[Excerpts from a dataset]
◆ ◆ ◆ ◆ ◆
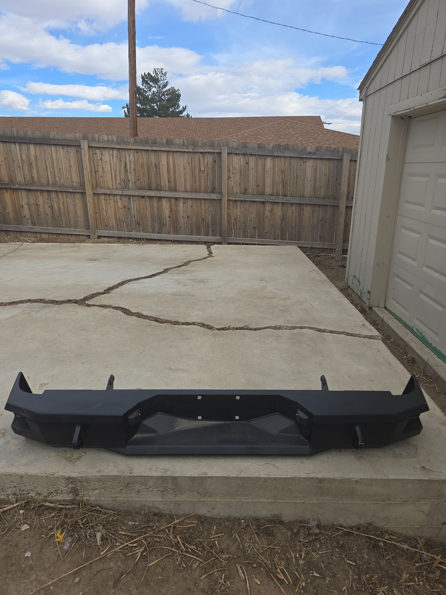 Aftermarket rear bumper for a 2011 Nissan titan or Toyota Tundra i believe...great shape comes with brackets and most of the hardware
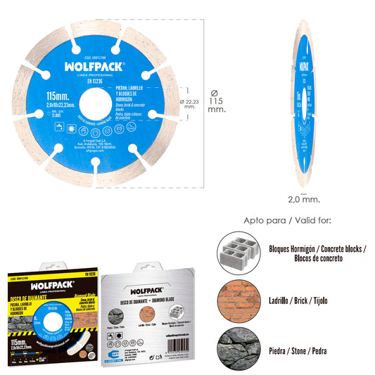 Disco Diamante Ø 115 mm. Piedra, Ladrillo, Refractarios, Bloques de Hormigon. Segmento Diamantado 10 mm.
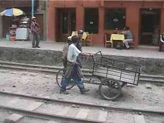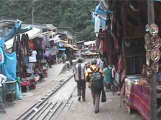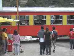 アグアスカリエンテスは小さな駅なので、観光列車が止まると混乱します。そこでそこから徒歩数分(2〜300m?)手前に観光列車が止まるための駅を新設してあります。なお、アグアスカリエントスの先に『マチュピチュ』と言う駅が有る、という噂を聞きました。
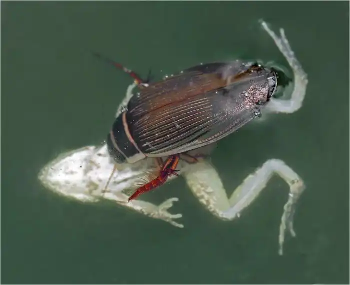 Если жрать нечего совсем, оборзевшее создание кидается на лягушек и тритонов. Нет, мы не шутим, это насекомое реально охотится на животных в несколько десятков раз больше себя. Понятно дело, что один плавунец, даже несмотря на всю свою борзость, не осилит такую добычу. Поэтому хищники гасят земноводных толпой. Одно насекомое, хорошенько цапнув ничего не подозревающую лягуху, призовёт целый рой своих сородичей. От десятка голодных и разъярённых плавунцов жертве уже не спастись. Кровавое месиво закончится лишь тогда, когда от тушки бедной хладнокровной животины ничего не останется.
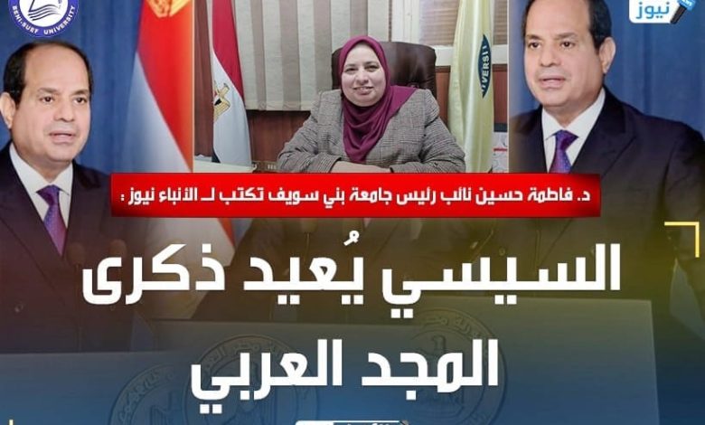 د. فاطمة حسين نائب رئيس جامعة بني سويف تكتب لـ الأنباء نيوز : السيسي يُعيد ذكرى المجد العربي
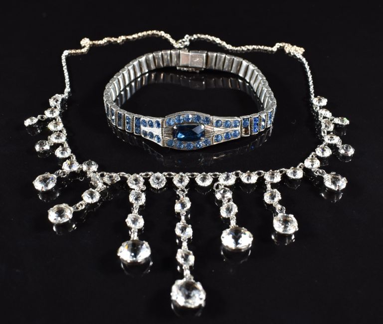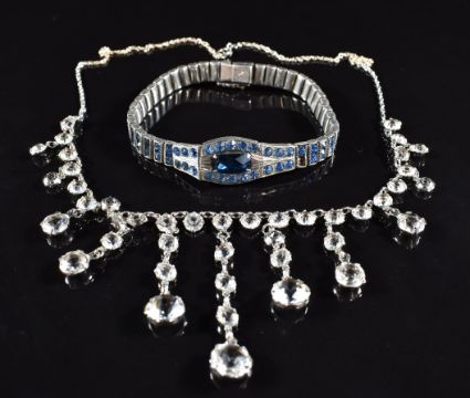 Art Deco silver bracelet set with blue paste and a silver necklace set with paste
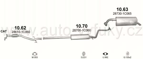 Tlumič výfuku střední , kód: 10.70 Příklad použití: Hyundai Getz 1.1i-12V 02-06 , 1.3i-12V 02-06, kódy Bosal Walker aj.: 15.015 16.6012 284-307... |
◆ ◆ ◆ ◆ ◆
Return every record exactly, minus the pictures.

- [Task result]
 Aftermarket rear bumper for a 2011 Nissan titan or Toyota Tundra i believe...great shape comes with brackets and most of the hardware
 Disco Diamante Ø 115 mm. Piedra, Ladrillo, Refractarios, Bloques de Hormigon. Segmento Diamantado 10 mm.
 アグアスカリエンテスは小さな駅なので、観光列車が止まると混乱します。そこでそこから徒歩数分(2〜300m?)手前に観光列車が止まるための駅を新設してあります。なお、アグアスカリエントスの先に『マチュピチュ』と言う駅が有る、という噂を聞きました。
 Если жрать нечего совсем, оборзевшее создание кидается на лягушек и тритонов. Нет, мы не шутим, это насекомое реально охотится на животных в несколько десятков раз больше себя. Понятно дело, что один плавунец, даже несмотря на всю свою борзость, не осилит такую добычу. Поэтому хищники гасят земноводных толпой. Одно насекомое, хорошенько цапнув ничего не подозревающую лягуху, призовёт целый рой своих сородичей. От десятка голодных и разъярённых плавунцов жертве уже не спастись. Кровавое месиво закончится лишь тогда, когда от тушки бедной хладнокровной животины ничего не останется.
 د. فاطمة حسين نائب رئيس جامعة بني سويف تكتب لـ الأنباء نيوز : السيسي يُعيد ذكرى المجد العربي
 Art Deco silver bracelet set with blue paste and a silver necklace set with paste
 Tlumič výfuku střední , kód: 10.70 Příklad použití: Hyundai Getz 1.1i-12V 02-06 , 1.3i-12V 02-06, kódy Bosal Walker aj.: 15.015 16.6012 284-307... |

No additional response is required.